# 1/700 USS Arizona BB-39



## paulhelfrich (May 11, 2009)

This is the Mini-Hobby Models 1/700 kit of the USS Arizona. The ship is meant to be in her December 7, 1941 appearance. I used the Tom's Modelworks detail set and additional railings from Tom's as well. One flaw of the kit that I did not correct is the shielding on the #2 deck; some of it is correct (around the 5" guns) but some of it should be replaced with railing. Having butchered this kit many times in the past, I just didn't feel like chopping away at it, so I left that part alone. 

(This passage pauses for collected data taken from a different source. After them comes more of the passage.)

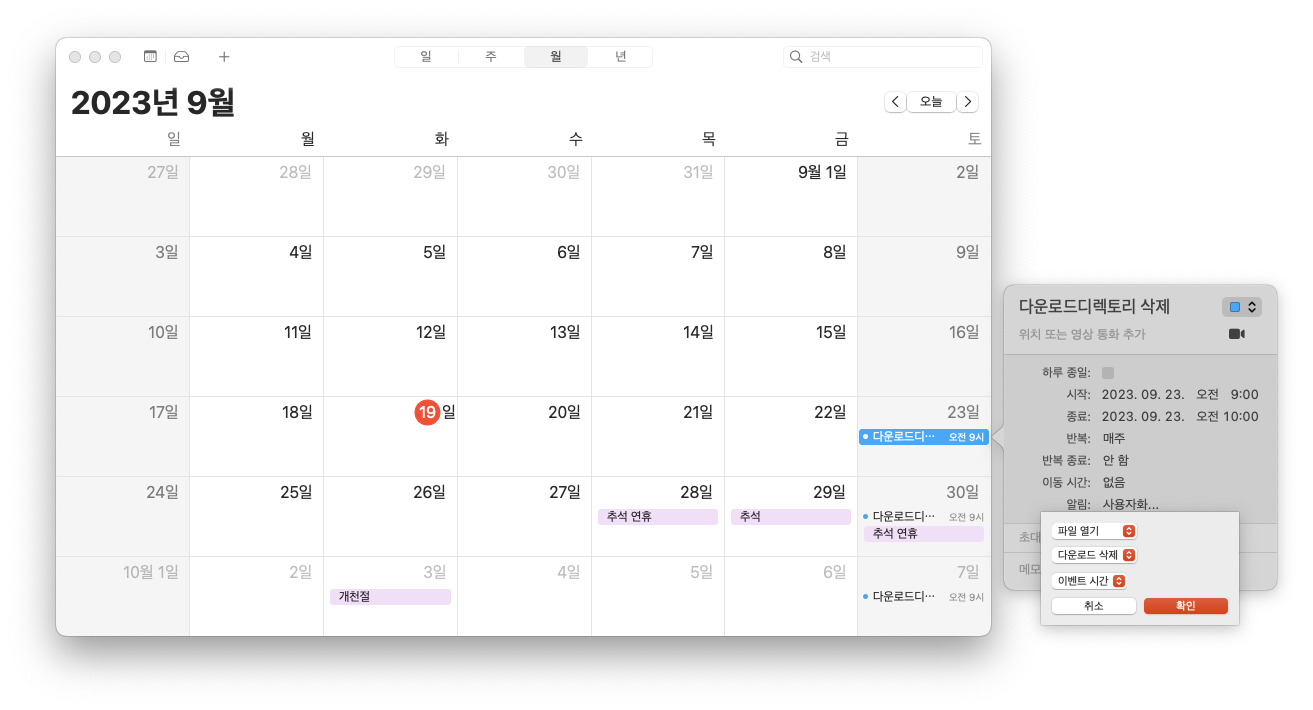 맥의 기본 캘린더 앱을 열고 새로운 일정을 만듭니다.
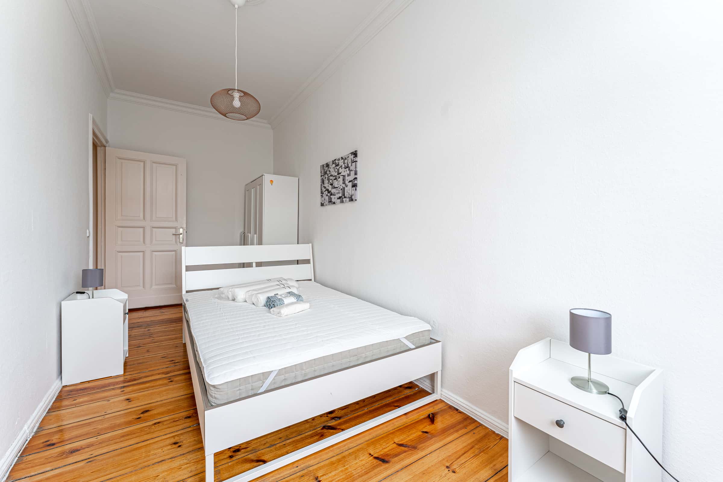 EN This beautiful apartment offers you all that you need in order to have a comfortable stay! With its smart design, the space is utilized to make it highly functional. The apartment is located in a dynamic district in Berlin, close to public transport connections and with many restaurants and shops in the area. If you want to stay calm and relaxed, you can resort back to your cosy apartment that will be fully furnished with a bed (incl. mattress, blanket and pillow), desk and chair, wardrobe, shelf, curtains, hanging and/or standing lamp. The apartment also offers a beautiful kitchen/kitchenette for you to enjoy your meals. Heating, electricity, water, and internet are included in the price. Check-in is possible from Monday to Firday, from 9AM to 2PM. DE Diese schöne Wohnung bietet dir alles, was du für einen komfortablen Aufenthalt benötigst! Mit dem intelligenten Design wird jeder Winkel der Wohnung perfekt genutzt. Die Wohnung befindet sich in einem dynamischen Bezirk in Berlin, in der Nähe der öffentlichen Verkehrsmittel und mit vielen Restaurants und Geschäften in der Umgebung. Wenn du ruhig und entspannt bleiben willst, kannst du dich in dein gemütliches Zuhause zurückziehen, das komplett mit Bett (inkl. Matratze, Decke und Kissen), Schreibtisch und Stuhl, Kleiderschrank, Regal, Vorhängen, Hänge- und/oder Stehlampe ausgestattet ist. Die Wohnung verfügt auch über eine schöne Küche/Kochnische, in der du deine Mahlzeiten genießen kannst. Heizung, Strom, Wasser und Internet sind im Preis inbegriffen. Check-in ist von Montag bis Freitag, von 9 Uhr bis 14 Uhr möglich.
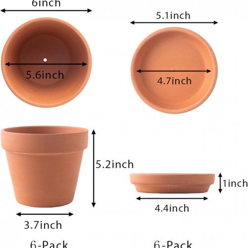Yishang Large Terra Cotta Pots with Saucer- 6 Pack Large 6” Terra Cotta Plant Pot with Drainage Hole, Flower Pot with Tray, Terracotta Pot for Indoor Outdoor Plant
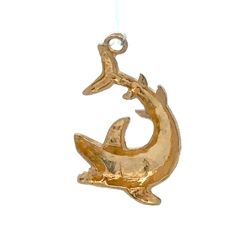 This 14k shark charm weighs 1.1 grams and is 18mm tall and 10mm wide.
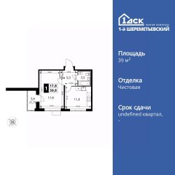 Продаётся 1-к квартира номер 948 общей площадью 39.8 кв.м. на 9-м этаже 16 этажного дома. Чистовая отделка. Цена с учётом скидки!

One of my next builds will be the Dragon USS Pennsylvania in her 1944 fit; the two ships will display nicely together.


----------



## surfsup (Apr 19, 2009)

Very nice work Paul. I built the dragon Kit last Year which is on here somewhere so I would be interestd to know if you some Fit issues with this kit like I did with the Dragon one...Cheers mark:wave:


----------



## paulhelfrich (May 11, 2009)

Thanks Mark! Yes, the kit had a few fit issues - the worse was the #2 deck. Like the old Revell Arizona (which I think this kit was based on) it's got the top half of the scuttles that are in line with the casemate guns. But when it doesn't fit properly, they don't meet the lower half, and you have these unsightly gaps. I did my best to fill them in with putty.


----------